Anxiety Depression Treatment

What is the Relationship Between Panic Attack and Menopause?

Like most other chemically dependent disorders, panic attack and menopause can tend to be closely related. A large portion of people who suffer from panic attacks tend to have some sort of chemical imbalance as the underlying cause of their attacks.

Hormone imbalances during your period or the menopause can create the environment where you are more susceptible to anxiety disorders, BUT, not everyone develops anxiety or panic attacks so other factors MUST come into play.

Panic attacks tend to feed off the turmoil within these controls, causing an imbalance that can setoff panic attacks over even the most unimportant of concerns. Management of stress, control of emotions, metabolic stability, and all of these can be affected by menopause so subsequently this can affect the frequency or occurrence of panic attacks.

To eliminate such panic attacks during menopause, you need not to take any medications for it. Women who experience panic attacks during menopause:

  • Breathe rapidly and shallowly
  • Hardly make use of the diaphragm in breathing
  • Breathe with the muscles of the chest, neck and shoulders

The best way for any woman who are seriously concerned about their panic attack and menopause and the risks they may have, should always seek professional advice. Women tend to be more susceptible to the effects of panic attack and are more likely to experience frequent panic attacks during their life.

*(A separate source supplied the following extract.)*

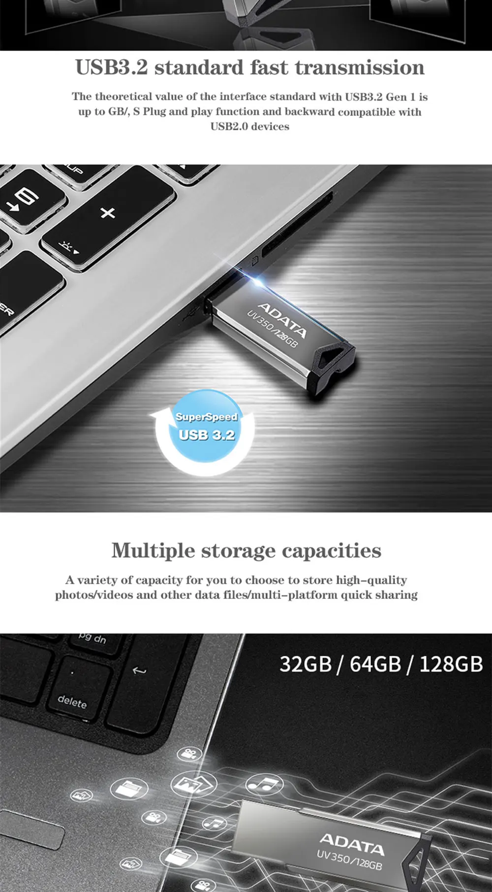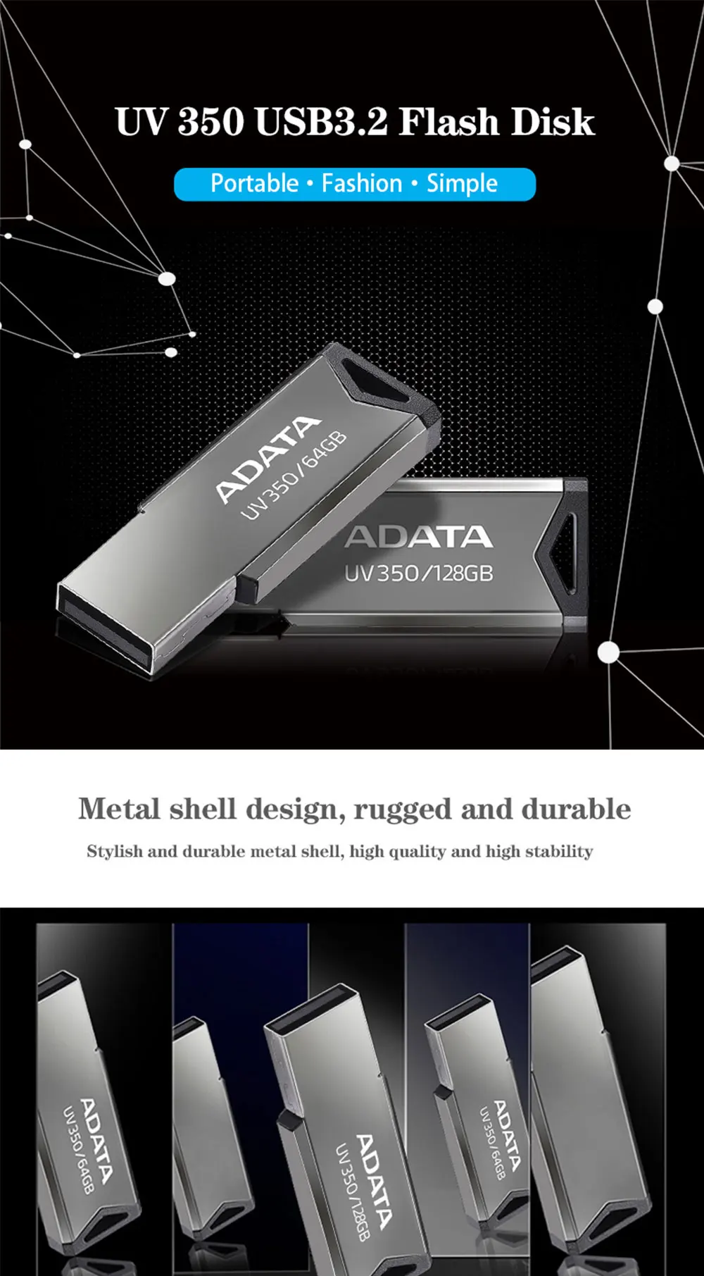 USB-флеш-накопитель ADATA 3264128 ГБ, Металлический Высокоскоростной U-диск с шифрованием UV350, USB 3,2, 128 ГБ

Your first panic attack may make you think that all is over. Do not let panic stalk you forever. No type of medication will get you out of it. Do not get into the loop of panic where you wait for another attack to happen. Women are also at a higher risk of developing chronic panic disorder with the percentage of this risk increasing during menopause. It is extremely important that any woman experiencing frequent panic attack and menopause symptoms, especially during menopause, to seek professional help in order to head off any potential problems.

Disclaimer: This site is for educational purposes only. The information provided should not be used for diagnosing or treating a health problem or disease. If you have, or suspect you have a health problem, you should consult your health care provider.